An injured student is evacuated from a Peshawar school after an attack by the Taliban on Tuesday.

* Taliban say attack is revenge for major army operation

* Hundreds of students in school at time of raid

* Pakistani Prime Minister en route to Peshawar

* Indian leader condemns atrocity   

Reuters/Peshawar

At least 130 people, most of them children, were killed on Tuesday after Taliban gunmen broke into a school in the Pakistani city of Peshawar and opened fire, witnesses said, in the bloodiest massacre the country has seen for years.

More than eight hours after militants entered the school compound, the military declared the operation to flush them out over, and said that all nine insurgents had been killed.

The attack at a military-run high school attended by at least 500 students, many of them children of army personnel, struck at the heart of Pakistan's military establishment, an assault certain to enrage the country's powerful army.

The Taliban, waging war against Pakistan in order to topple the government and set up an Islamic state, immediately claimed responsibility for the attack.

"We selected the army's school for the attack because the government is targeting our families and females," said Taliban spokesman Muhammad Umar Khorasani. "We want them to feel the pain."

As night fell on Peshawar, a teeming, volatile city near the Afghan border, security forces finally wrapped up an operation that lasted more than eight hours and involved sometimes intense gun battles.

The Taliban said the gunmen had been equipped with suicide vests. Three explosions were heard inside the high school at the height of the massacre, raising fears of more casualties.

Outside, as helicopters rumbled overhead, police struggled to hold back distraught parents who were trying to break past a security cordon and get into the school.

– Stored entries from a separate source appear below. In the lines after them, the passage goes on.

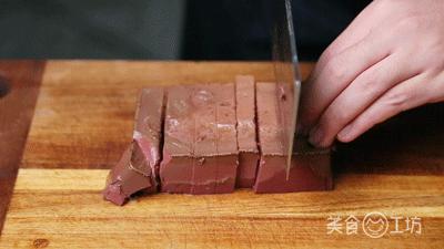 1. 将鸭血切成块,用清水冲洗两次,放入盐泡备用。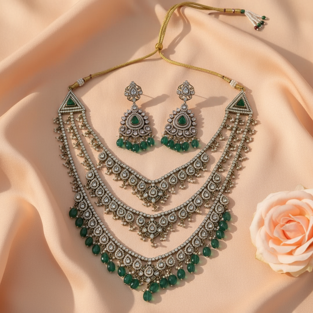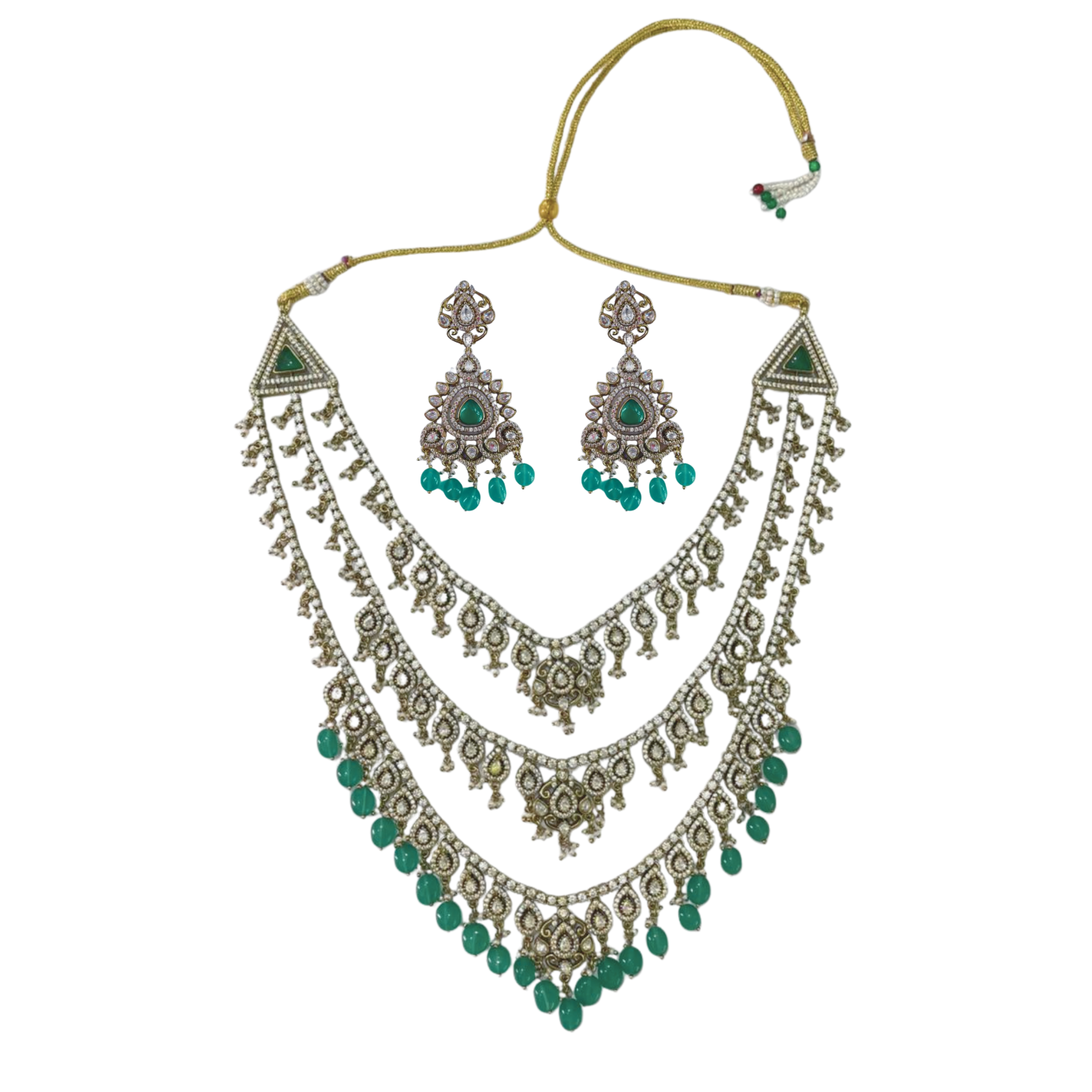 - Traditional multi-layer necklace and earrings set with green stones and pearls for women.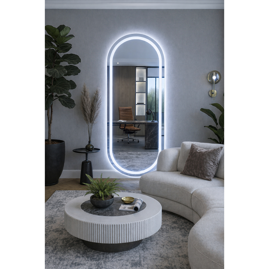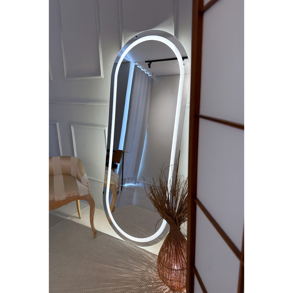 Espelho Oval EL07 Corpo Inteiro 170cm x 70cm Polido LED Jateado Luz Branca e Luz Amarela Sala Quarto Banheiro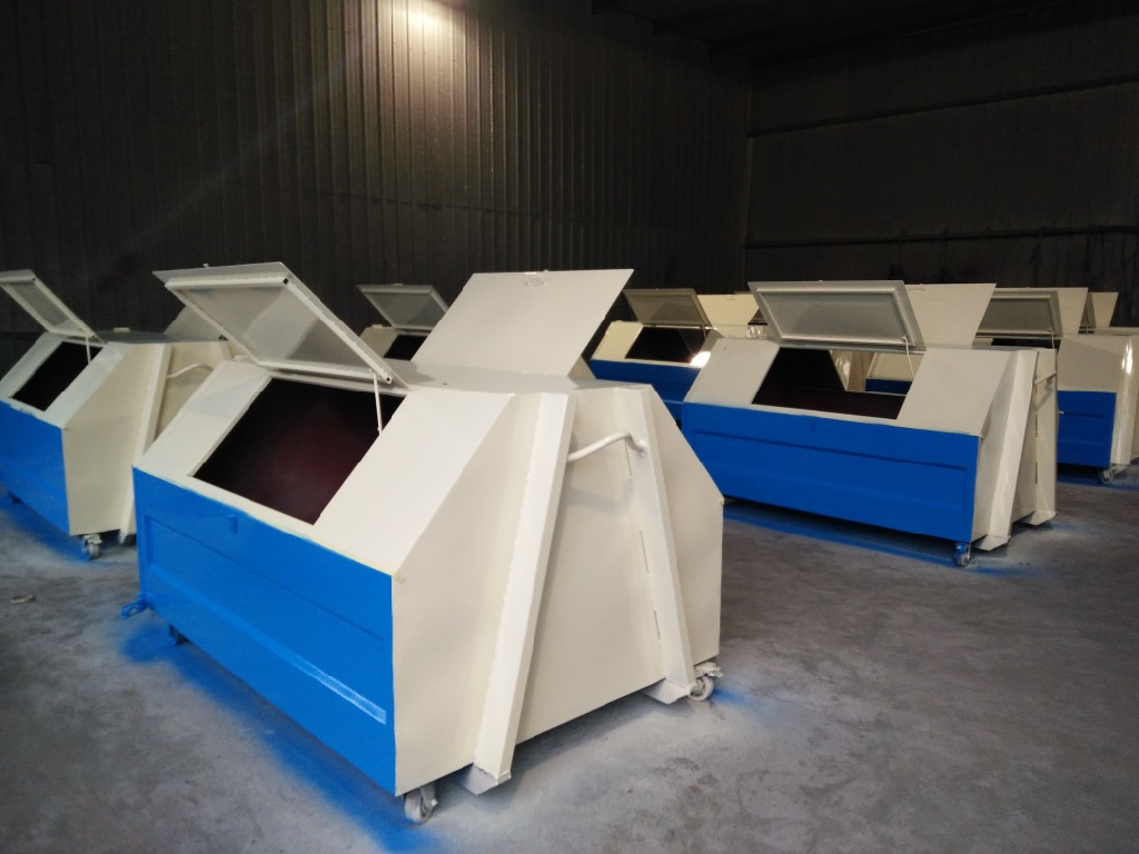 2、箱體為整體密封式結構,上蓋及后擋板采用雙密封膠條,箱體底板后端設有橫向凸起,可以有效防止雨水滲入、蚊蠅滋生、煙塵和惡臭氣體溢出,以及污水滴漏,保證存放、運輸過程不發生二次污染,做到干凈、衛生;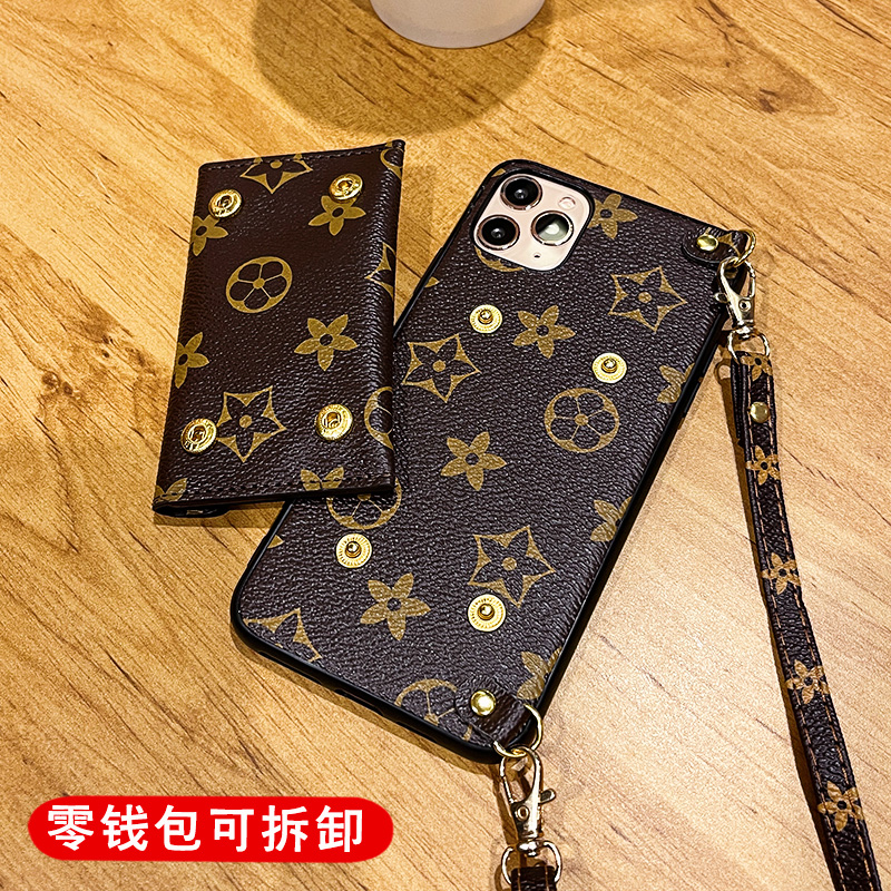 胜枫 苹果13promax手机壳新款13Pro拆卸零钱包插卡斜挎苹果12背带式挂绳简约潮款后苹果11外壳 苹果13promax 配斜挎长绳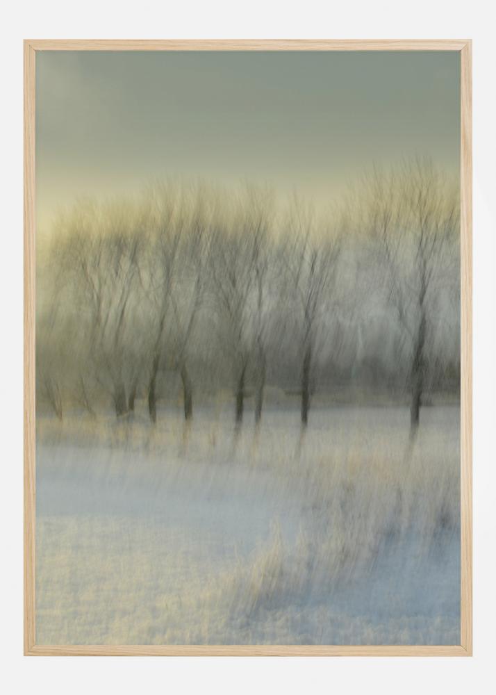 Nuostabus plakatas judesio susiliejimo stiliumi su medžiais žiemos fone. Baltas sniegas dengia viską šioje minkštoje, nefokusuotoje nuotraukoje. Medžiai yra išsilieję, matomi tik aukšti juodi kamienai, o švelni geltona juosta plaukia virš medžių viršūnių. Magija tikrai jaučiama ore.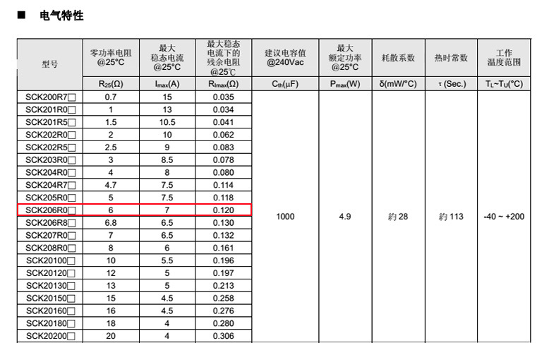 熱敏電阻: 穩騰 熱敏電阻型號: SCK206R0MSBY 熱敏電阻片徑: Φ20mm 零功率電阻@25℃: 6Ω 工作溫度范圍: -40℃±200℃ 儲存溫度范圍: -40℃±85℃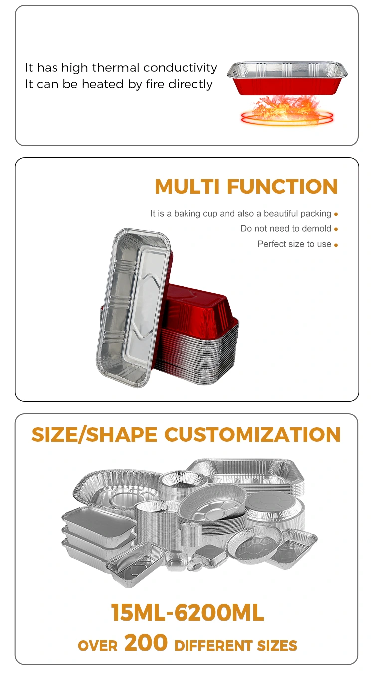 Yunchu Aluminium Foil ti offre contenitori rettangolari in alluminio argentato per panetteria rossa di alta qualità, progettati per essere durevoli e resistenti al calore, possono condurre uniformemente il calore per prevenire la carbonizzazione e hanno una forte tenuta per mantenersi freschi.
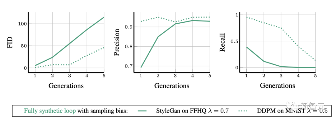 不同的自噬环变化取决于,现有的真实数据和合成数据如何组合到未来的训练集中。比如,研究者或算法通常会通过手动「挑选」合成数据来引入采样偏差,以权衡感知质量(即图像/文本看起来来不错)与多样性(不同类型图像/文本)。研究者介绍,「质量」和「多样性」两个非正式概念,分别与精确度和召回率的统计指标密切相关。如果合成数据已经存在于我们今天的训练数据集中,那么自噬循环在未来几乎是不可避免的。研究人员表示,无论训练集的组成,或采样方法如何,自噬循环对生成模型的属性和性能的潜在影响仍知之甚少。而有一点可以确定的是,使用合成数据重复训练可能会,逐渐放大任何生成模型中存在的偏差和伪影。团队研究了自噬循环的3种变体:完全合成循环,其中生成模型仅在前几代的合成样本上进行训练;合成增强循环,其中训练集还包括一组固定的真实数据;新数据循环,其中训练集还包括每一代的一组新的真实数据。所有这3种自噬循环模型的底线是,如果每一代没有足够的新鲜真实数据,未来的生成模型注定会MAD。模型实践者倾向于手动挑选合成数据,更喜欢高质量的样本,并删除低质量的样本。此外,最先进的生成模型通常具有可控参数,可以以牺牲多样性为代价来提高合成质量。研究证明,通过这种质量多样性(精确召回)权衡引起的采样偏差,对自噬训练循环的行为有重大影响。具体来讲,在没有采样偏差的情况下,自噬会导致质量和多样性的快速下降,而在采样偏差的情况下,质量可以保持,但多样性下降得更快。除了对简单多元高斯和高斯混合模型的分析和实证研究之外,团队还在正文和附录中,证明了主要结论适用于各种生成模型。在没有采样偏差的全合成循环中,完全使用合成数据训练生成模型,其合成数据的质量和多样性都会逐代下降。![]()

Officials said 122 people were wounded. A local hospital said the dead and injured were aged 10 to 20.

According to early witness accounts, a group of militants burst into the school as students attended classes and lectures, shooting indiscriminately at both pupils and teachers.

The gunmen, who several students said communicated with each other in a foreign language, managed to slip past the school's tight security because they were wearing Pakistani military uniforms, local media reported.

Pakistanis, used to almost daily militant attacks, were shocked by the scale of the massacre and the loss of so many young lives.

It recalled the 2004 siege of a school in Russia's Beslan by Chechen militants which ended in the death of more than 330 people, half of them children.

SPIRAL OF VIOLENCE

The Pakistani Taliban have vowed to step up attacks in response to a major army operation against the insurgents in the tribal areas.

But despite the crackdown this year, the military has long been accused of being too lenient towards Islamist militants who critics say are used to carry out the army's bidding in places like Kashmir and Afghanistan.

So far the Taliban have targeted mainly security forces, military bases and airports, but attacks on civilian targets with no logistical significance are relatively rare.

In September, 2013, however, dozens of people, including many children, were killed in an attack on a church, also in Peshawar.

The assault on a school where officers' children studied could push the armed forces into a more drastic response, analysts said.

In Peshawar, hospitals overflowed with hundreds of wounded children, teenagers and adults.

"Classes 8-10 were in a special seminar on first aid in the main hall when students heard gunshots and then countless men burst in and opened fire," said Shahrukh Khan, in his mid-teens, who was shot in both legs.

"Teachers and the principal were also there. The men who burst in were speaking and shouting in an incomprehensible language. Sounded like Arabic or Farsi."

Another student told Pakistan's Dunya Television: "The attackers had long beards, wore shalwar kameez (traditional baggy clothes) and spoke Arabic."

Prime Minister Nawaz Sharif condemned the attack.

"I can't stay back in Islamabad. This is a national tragedy unleashed by savages. These were my kids," he said in a statement.

"This is my loss. This is the nation's loss. I am leaving for Peshawar now and I will supervise this operation myself."

In India, Pakistan's long-term rival, Prime Minister Narendra Modi echoed Sharif's sentiments.

"It is a senseless act of unspeakable brutality that has claimed lives of the most innocent of human beings - young children in their school."

Pakistani teenager Malala Yousafzai, joint winner of this year's Nobel peace prize for her education campaign work, said she was devastated by the news.

"I am heartbroken by this senseless and cold-blooded act of terror in Peshawar that is unfolding before us," Malala, who now lives in central England, said in a statement.